Economic growth across the border will average a higher 1.8 percent this year and quicken further to 2.7 percent next year, the July quarterly U.S. poll showed on Thursday. <ECILT/US>
By contrast, economists revised their 2014 Canadian growth forecasts, projecting a smaller rebound. Canada's economy is expected to grow 2.3 percent in 2014, down from April's 2.4 percent forecast.
"This is that rotation story that's waiting to happen, where exports can start to contribute a little bit more positively to growth and can allow the domestic economy that had done a lot of the heavy lifting earlier on in the recovery to fade a little bit," said David Tulk, chief macro strategist at TD Securities.
Canada's economy recovered more quickly from the financial crisis than its U.S. counterpart as domestic demand helped offset weak exports. This was partly due to a housing boom fuelled by record low borrowing costs.
But that boom began to fade last July after the government, fearing a bubble, tightened mortgage rules. Record high household debt levels also began to weigh on consumer spending.
Even as the U.S. housing market has begun to display clear signs of a recovery, the outlook for the Canadian market has cooled. That is because it never had a correction.
Economists in the poll expect construction to start on 179,000 homes this year, up from the 175,000 they forecast in April. They expect 174,000 homes to be built next year, a tad higher than the 171,000 predicted three months ago.
This would be well below 2012, when more than 200,000 homes were begun.
Even so, after nearly a year of cooling sales and concern that Canada could have a U.S.-style housing crash, demand has returned in some key markets.
"We are seeing clear signs of stabilization in the housing market in Canada, which means that the housing market might be less of a headwind for the economy than some analysts thought," said Sal Guatieri, senior economist at BMO Capital Markets.
Inflation is also expected to rise at a slower pace than previously expected. The poll's median shows headline inflation will rise by 1.2 percent this year and 1.8 percent next, lower than the 1.5 percent and 1.9 percent predicted three months ago.

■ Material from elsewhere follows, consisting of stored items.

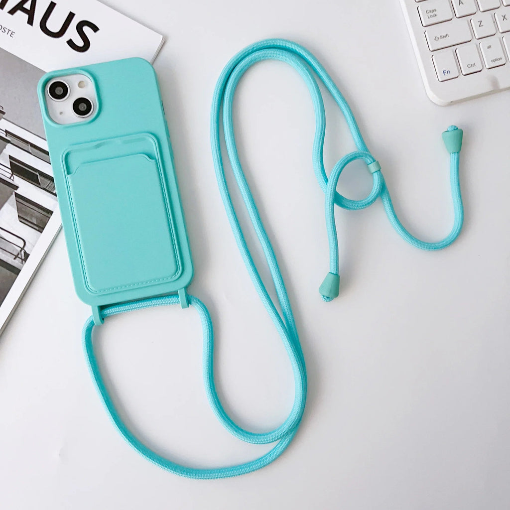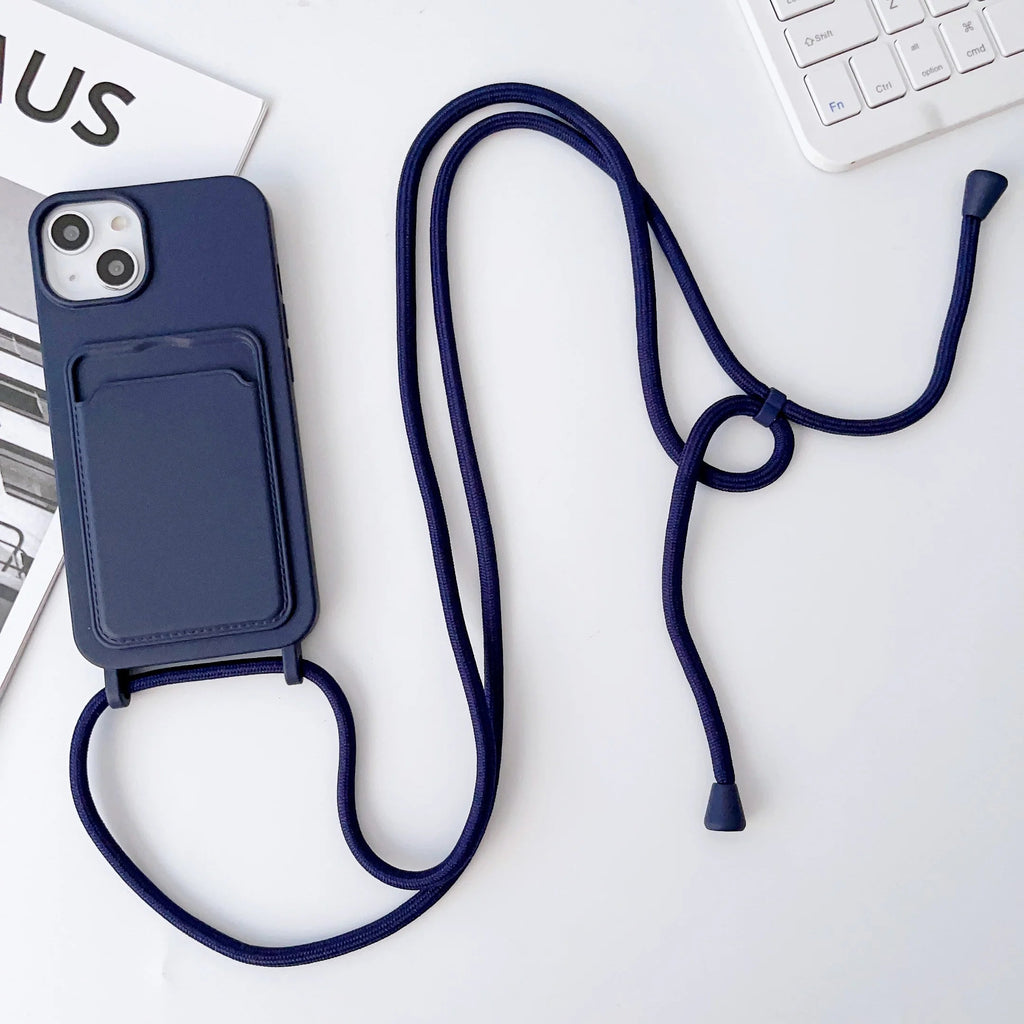 • Card Holder Silicone iPhone Case With Lanyard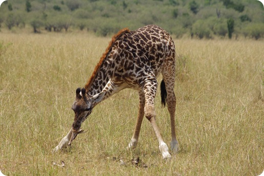 長頸鹿吃草時,得要前腳開開才方便吃草喔!
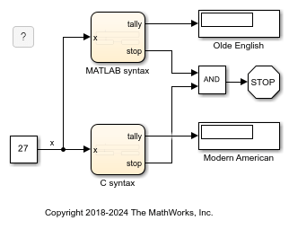 Cuando se simula este gráfico con una entrada de x = 27, el bloque Display Olde English muestra un recuento de 4. La ventana de Diagnostic Viewer muestra los siguientes resultados:
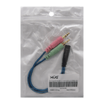 Convertidor (splitter) versátil, que permite utilizar las diademas o manos libres de una sola salida en el computador o laptop de doble entrada (una para audio y otra para micrófono).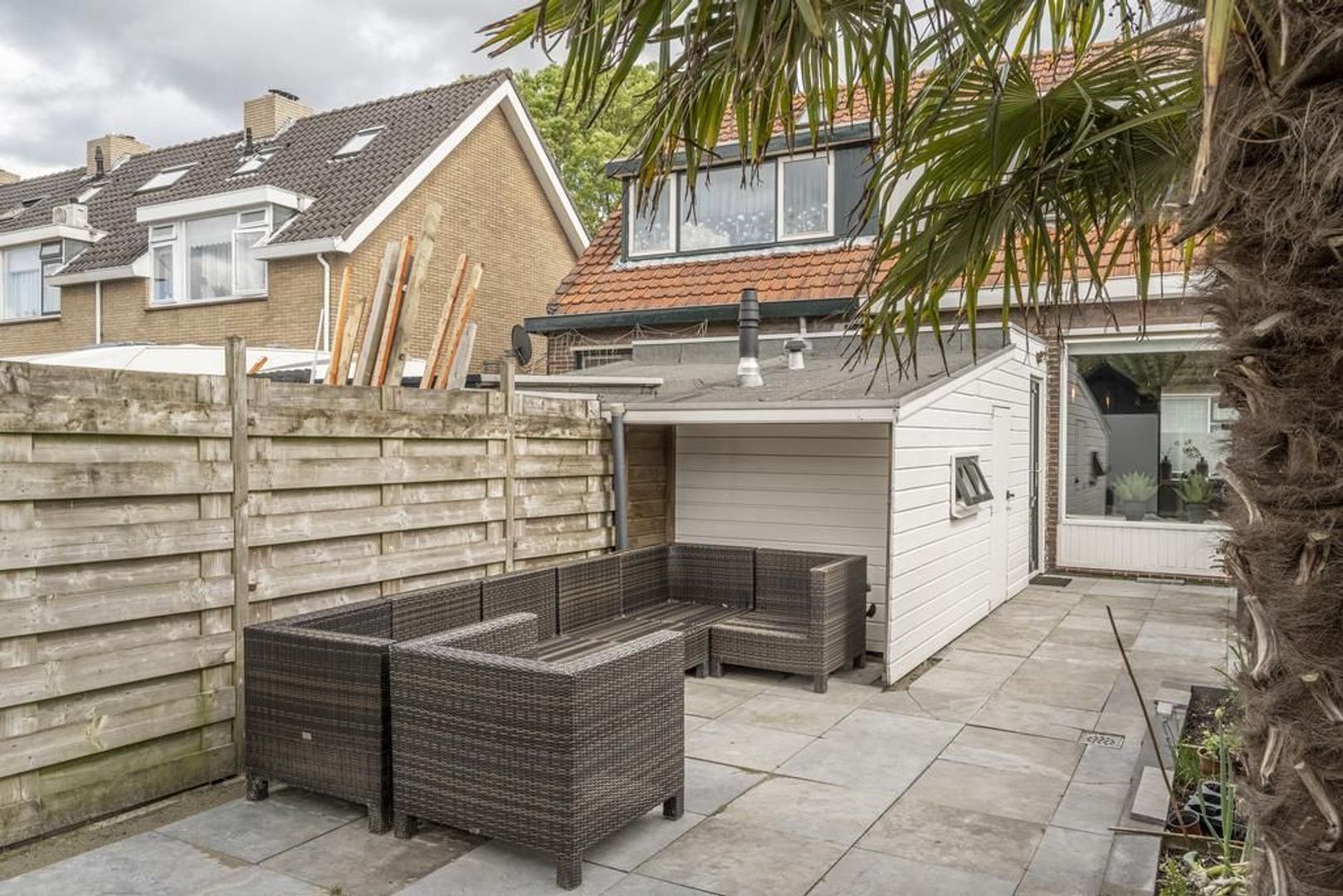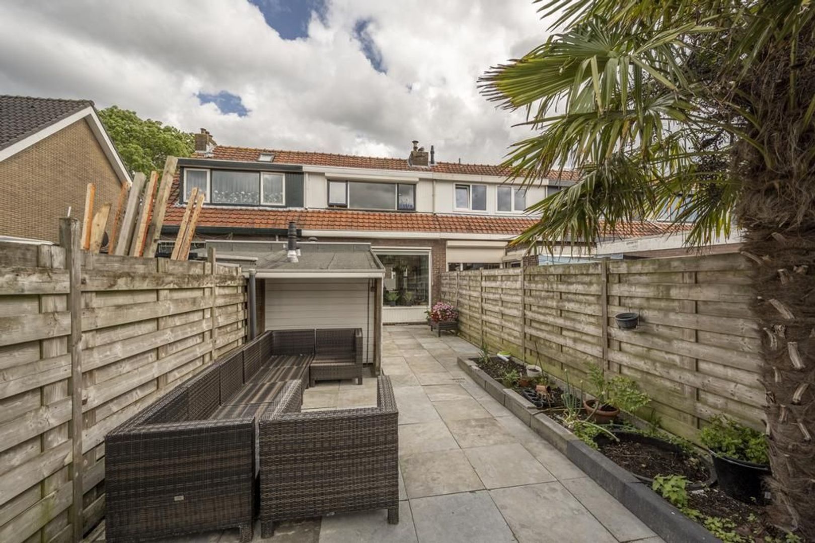 De diepe achtertuin ligt op het westen, wat garant staat voor maximale bezonning.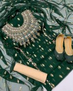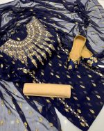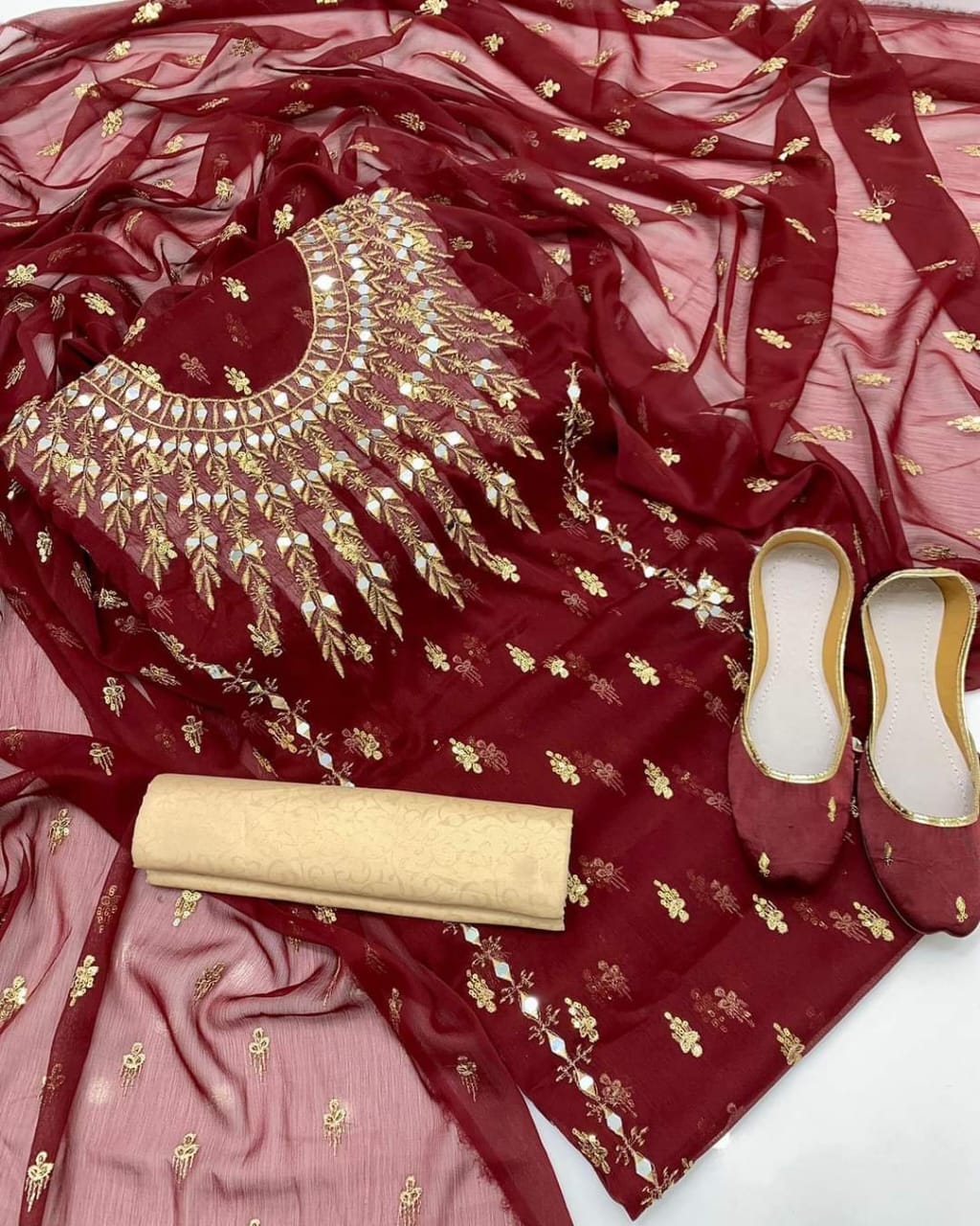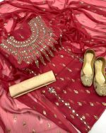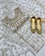 New Fancy Chiffon 4pc Dress All over Kundan & Bindi Work Dupatta Cotton Silk Shirt & Trouser Khusa Gift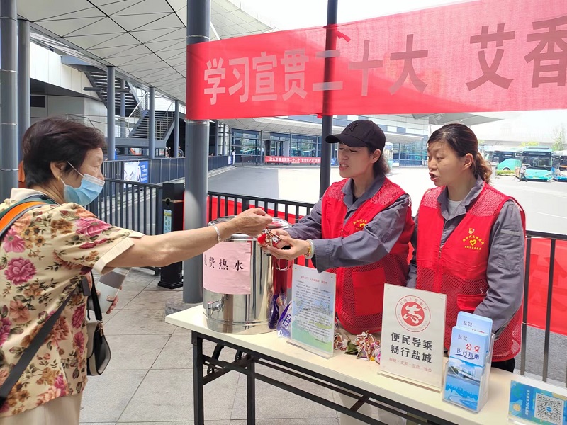 活動現(xiàn)場設(shè)置了《新時代十年的偉大變革》和《鹽城公交十年》宣傳展板,黨員志愿者錢麗從理論創(chuàng)新、黨的領(lǐng)導(dǎo)、戰(zhàn)略部署、脫貧攻堅(jiān)、新發(fā)展理念等十六個方面,對新時代十年黨和國家事業(yè)取得的歷史性成就和歷史性變革作了全面宣講解讀;志愿者薛萍從城鄉(xiāng)公交一體化、一小時免費(fèi)換乘、“實(shí)時公交”應(yīng)用等十二個方面,生動講述了鹽城公交櫛風(fēng)沐雨、砥礪奮進(jìn)的十年發(fā)展歷程。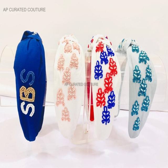 Headbands casual Random beaded Top Knotted Headband Indian Beadwork Hand Embellished Beaded Headband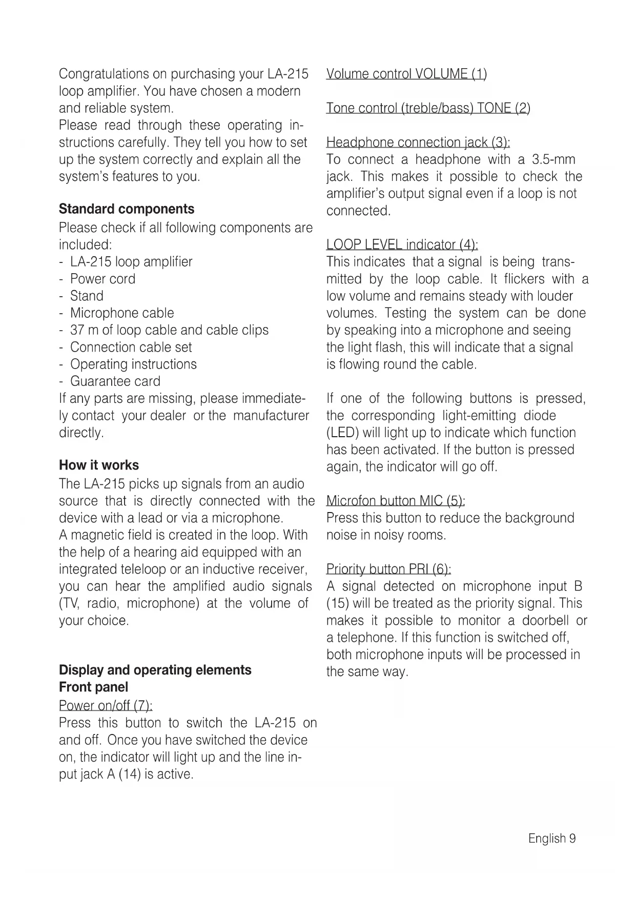 Stand for LA-215 ————Congratulations on purchasing your LA-215 loop amplifier. You have chosen a modern and reliable system.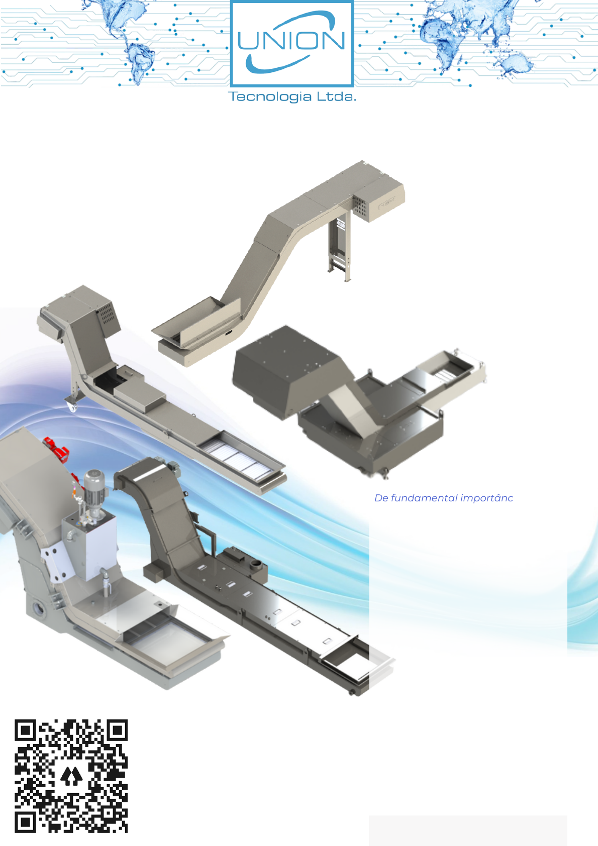 <p>De fundamental importância para</p><p>máquinas que geram cavaco,</p><p>facilitando a operação e manuseio</p><p>de cavacos e sucata em geral</p><p>Fornecemos modelos de</p><p>transportadores tipo:</p><p>- Esteira Articulada</p><p>- Esteira de Arraste</p><p>- Esteira Magnética</p><p>- Transportadores para retalhos de</p><p>chapas e sucatas</p><p>- Transportadores de Roletes para</p><p>transporte de peças</p><p>A Union Tecnologia oferece serviço</p><p>de montagem, manutenção e</p><p>reparo de transportadores</p><p>www.uniontecnologia.ind.br</p><p>transportadores de cavacos</p><p>Cavacos longos,</p><p>Espiralados, tipo fita</p><p>Metálicos</p><p>Cavacos longos,</p><p>Espiralados, tipo fita</p><p>Cavacos</p><p>espiralados curtos</p><p>Cavacos</p><p>quebrados curtos</p><p>Não Metálicos</p><p>transportadores</p><p>I - TIPO DOS CAVACOS A TRANSPORTAR</p><p>É fundamental definir o tipo, tamanho e quantidade</p><p>do cavaco a ser transportado:</p><p>C O N T A T O</p><p>VENDAS@UNION-TECNOLOGIA.COM</p><p>+55 11 93050 5038</p><p>+55 11 93403 0183</p><p>+55 11 2916 5856@UNION_TECNOLOGIA</p><p>@UNION_TECNOLOGIA</p><p>UNION TECNOLOGIA LTDA.</p><p>Cavacos de alumínio,</p><p>Quebrados</p><p>Cavacos de Latão,</p><p>Quebrados</p><p>Outros Materiais</p><p>Não-metálicos</p><p>TABELA DE APLICAÇÃO</p><p>Transportadores Magnéticos</p><p>Transportador com filtro integrado</p><p>Transportador com filtro integrado</p><p>Transportador Esteira de Arraste</p><p>Transportador Esteira de Arraste</p><p>Transportador Esteira Articulada</p><p>transportadores</p><p>TIPO DOS CAVACOS A TRANSPORTAR</p><p>C O N T A T O</p><p>VENDAS@UNION-TECNOLOGIA.COM</p><p>+55 11 93050 5038</p><p>+55 11 93403 0183</p><p>+55 11 2916 5856@UNION_TECNOLOGIA</p><p>@UNION_TECNOLOGIA</p><p>UNION TECNOLOGIA LTDA.</p><p>Aço/Longo Aço/Curto Ferroso/Curto Ferroso/Fundido Alumínio/Espiral Alumínio/Curto Latão Não Metálicos</p><p>Tambor</p><p>+ Bag</p><p>Tambor</p><p>+ Bag</p><p>Tambor</p><p>+ Bag</p><p>Tambor</p><p>+ Bag</p><p>Tambor</p><p>+ Bag</p><p>Tambor</p><p>+ Bag</p><p>Tambor</p><p>+ Bag</p><p>Tambor</p><p>+ Bag</p><p>Disco Disco Disco Disco Disco</p><p>Tambor Tambor Tambor Tambor Tambor</p><p>Transportador Esteira Articulada</p><p>Modelo #TEART-SD</p><p>Cavacos médios e pequenos</p><p>Modelo #TEART-WLD</p><p>Esteira especial (p.63, 100 e</p><p>150 mm)</p><p>Cavacos médios e grandes</p><p>Modelo Standard #TEARR</p><p>Cavacos secos até 60mm</p><p>Modelo especial #TEARR-FEA</p><p>"Filtro estático autolimpante"</p><p>Cavacos úmidos de 2 a 60mm</p><p>Modelo #DFR (Disco de filtragem</p><p>rotativo)</p><p>Para cavacos pequenos/ partículas</p><p>finas</p><p>Modelo #TFR (Tambor de filtragem</p><p>rotativo)</p><p>Para cavacos pequenos/ partículas</p><p>finas</p><p>Transportadores DUO (dupla esteira)</p><p>Modelo #TDE (Esteira principal +</p><p>auxiliar)</p><p>Para todos tipos de cavacos</p><p>Modelo #TMAG (Esteira Magnética)</p><p>Para cavacos metálicos,</p><p>magnetizáveis</p><p>Transportadores com dupla filtragem</p><p>Modelo #TFD</p><p>(Filtração de 2 etapas)</p><p>Para máquinas com refrigeração</p><p>Interna</p><p>ESPECIFICAÇÃO DO EQUIPAMENTO: #_ _ _ - _ _ _ - _ _ - _ _ - _ _A B C D E</p><p>GRUPO A: Modelo do equipamento</p><p>GRUPO B: Tanque (TK) + Volume (em m3)</p><p>GRUPO C: Acessórios do tanque: Rodízios (R), Chave nível (Cn), Skimmer (Sk), Cesto (Ce)</p><p>GRUPO D: Bombas (BO)</p><p>GRUPO E: Painel Elétrico (PA)</p><p>ESTEIRA ARTICULADA</p><p>Esteiras padronizadas com passo 38mm, 63mm, 100mm, 150mm e 200mm. Podem ser</p><p>aplicados em máquinas operatrizes individuais, ou em projetos maiores podem ser</p><p>interligados para uso como central para descarte de resíduos. Podendo transportar</p><p>cavacos espiralados, tipo fita, emaranhados, curtos, e com a possibilidade da integração</p><p>de trituradores para fragmentação e otimização do descarte. Disponíveis para aplicações</p><p>a seco ou com refrigeração. Quando</p><p>transportadores</p><p>II - TIPOS E CONFIGURAÇÕES</p><p>Fornecemos os seguintes modelos de</p><p>transportadores:</p><p>Transportadores Union tipo esteira articulada,</p><p>adequados para cavacos provenientes de</p><p>processos de usinagem, estamparia, forjaria,</p><p>fundição, etc. Além do transporte de cavacos ou</p><p>sucata em geral, este tipo de esteira também é</p><p>adequada para transporte de peças.</p><p>aplicados com refrigeração possuem sistemas</p><p>compactos e integrados de filtragem para qualificar o</p><p>fluido de refrigeração e proteger os componentes tais</p><p>como bombas , válvulas, bicos, junta rotativa, etc...</p><p>Reduzindo assim o trabalho de manutenção para limpeza</p><p>de tanques e sistemas de refrigeração.</p><p>Sistemas de proteção contra travamento e painéis de</p><p>comando elétrico interligados a máquina, de acordo com</p><p>a interface do comando numérico são desenvolvidos por</p><p>nossos especialistas em automação e permitem o</p><p>trabalho seguro e sincronizado com a operação da</p><p>máquina.</p><p>ESTEIRA de arraste</p><p>Transportadores Union tipo esteira de arraste,</p><p>adequados para cavacos curtos</p><p>(quebrados/fragmentados). Esteiras com</p><p>passo 38mm, 63mm e especificadas para uso</p><p>individual em máquinas operatrizes, ou</p><p>projetos interligados para uso como central</p><p>para descarte de resíduos.</p><p>Quando aplicados com</p><p>refrigeração possuem sistemas</p><p>integrados e compactos (tipo</p><p>tambor rotativo/ou tela wedge</p><p>wire screen) para filtragem do</p><p>fluido de refrigeração.</p><p>Sistemas autolimpantes, que</p><p>permitem funcionamento</p><p>totalmente automático, com</p><p>descarte dos resíduos filtrados</p><p>sendo direcionados diretamente</p><p>para a caçamba de resíduos.</p><p>transportadores</p><p>TIPOS E CONFIGURAÇÕES</p><p>Equipamentos complementares como tanques, bombas, chaves de nível,</p><p>skimmers, caçambas, painel elétrico de coma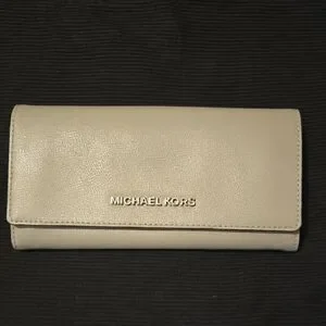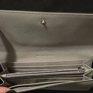 NWOT Chic Michael Kors wallet in beige. Sleek design with logo detail. Ideal for everyday use.

In a separate poll conducted earlier this week, economists and strategists expected low inflation and slow growth to keep an interest rate hike by the Bank of Canada at bay until the fourth quarter of 2014. <CA/POLL>
"Canada has probably experienced the best part of its recovery. It's starting to slow a little bit and probably starting to converge towards some of the growth rates that we see in other parts of the world," said TD Securities' Tulk.